Egan was a wiry, intense forty-something whom Thrasher had met when he’d been a student at MIT. In a school full of the brightest kids in the land, Egan had stood out among his MIT classmates. Thrasher had hired him on the spot for his fledgling Thrasher Digital Corporation and never regretted his impulsive decision.
“Fine,” Thrasher answered absently, gazing out the plane’s oval window.
Sitting in the plush leather-covered swivel chair facing Thrasher, Egan stared at his boss for a moment.
Then, “Art, when you say ‘fine’ I worry. Is Jessie giving you problems? Does he need help?”
Forcing a smile, Thrasher said, “No problems. Not really. Nothing that money can’t fix.”
One of Vince Egan’s best traits, Thrasher thought, was that he knew when to shut up. “Okay,” he said. “I was just wondering. I could help him out, if he’s not working out for you.”
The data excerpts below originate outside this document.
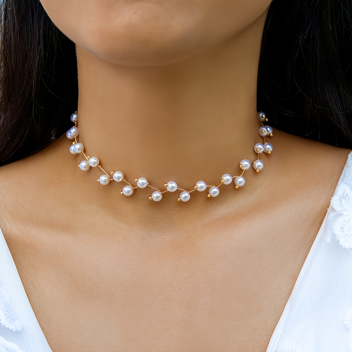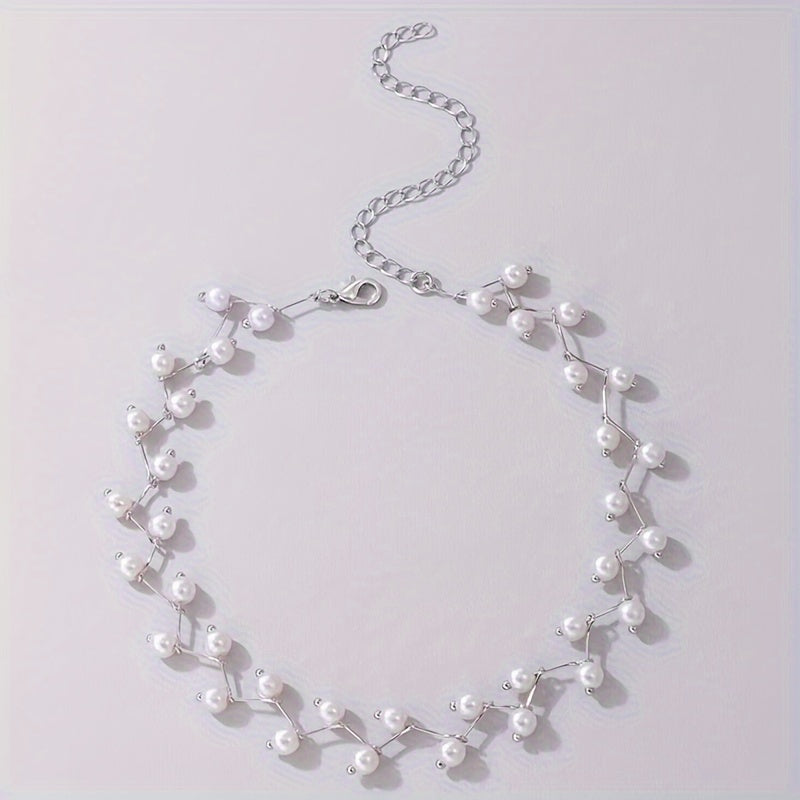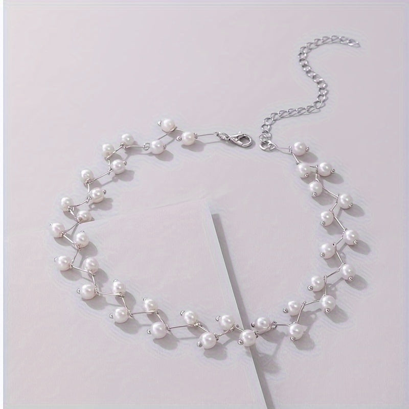 Elegant faux pearl choker necklace designed for dance parties, gatherings, and Ramadan celebrations. Add a touch of beach-inspired style to any outfit.
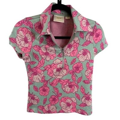 Maeve Anthropologie Sweater Top Women Size XS Floral Cropped Shirt Mint Pink Zip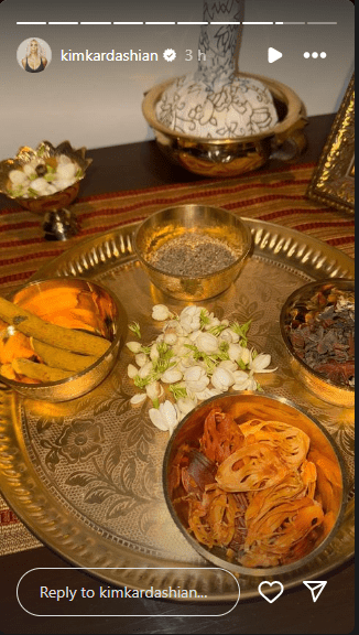 किम की पहली स्टोरी में भारतीय पपराज़ी थे। जब पपराज़ी उनकी कार के चारों ओर जमा हो गए, तो किम ने उन्हें करीब से देखा और “हाय (भारत)” लिखा। उन्होंने एक वीडियो भी शेयर किया, जिसमें उनका और ख्लो का भारतीय शैली में स्वागत हो रहा था।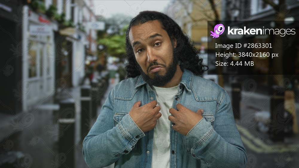 Man in denim jacket with hands adjusting collar and shrugging gesture on a city street; indifference casual attitude.

Changing the subject, Thrasher asked, “You know Bart Rutherford, don’t you?”
For an instant a flash of irritation crossed Egan’s face. But it passed before Thrasher could react to it. Egan said, “I’ve met Rutherford a few times, yes. He’s retired now, I’ve heard.”
“I want to talk him out of retirement.”
“Hire him for Mars?”
“Take him on as a consultant.”
“To look over Jessie’s shoulder?”
“No, no. Something else entirely. Nothing to do with Mars.”
Egan looked puzzled. “Gee, boss, I didn’t think you had time for anything except Mars.”
Thrasher grinned back at him. “I’m deeper than you think, pal.”